[Opening Records shown section]

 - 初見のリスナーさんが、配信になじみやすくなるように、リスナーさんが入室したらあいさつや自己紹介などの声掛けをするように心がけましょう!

[Closing Records shown section]
[Opening Records shown section]

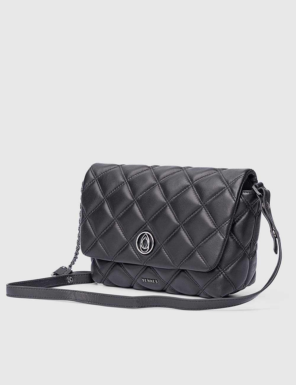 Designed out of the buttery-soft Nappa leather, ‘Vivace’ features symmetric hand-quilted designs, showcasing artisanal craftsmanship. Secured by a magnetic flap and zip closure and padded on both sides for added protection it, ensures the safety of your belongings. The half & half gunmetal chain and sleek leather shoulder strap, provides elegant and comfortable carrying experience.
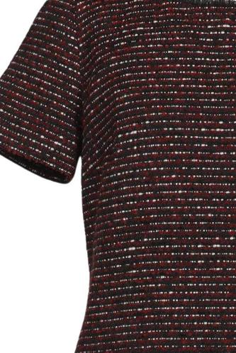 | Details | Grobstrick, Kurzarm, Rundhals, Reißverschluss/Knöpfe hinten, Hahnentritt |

[Closing Records shown section]

• Work to be completed:
Your answer must be everything above from the line with "Designed out of" down to the line with "hinten, Hahnentritt |", word for word, and no pictures.

• Result:
 Designed out of the buttery-soft Nappa leather, ‘Vivace’ features symmetric hand-quilted designs, showcasing artisanal craftsmanship. Secured by a magnetic flap and zip closure and padded on both sides for added protection it, ensures the safety of your belongings. The half & half gunmetal chain and sleek leather shoulder strap, provides elegant and comfortable carrying experience.
 | Details | Grobstrick, Kurzarm, Rundhals, Reißverschluss/Knöpfe hinten, Hahnentritt |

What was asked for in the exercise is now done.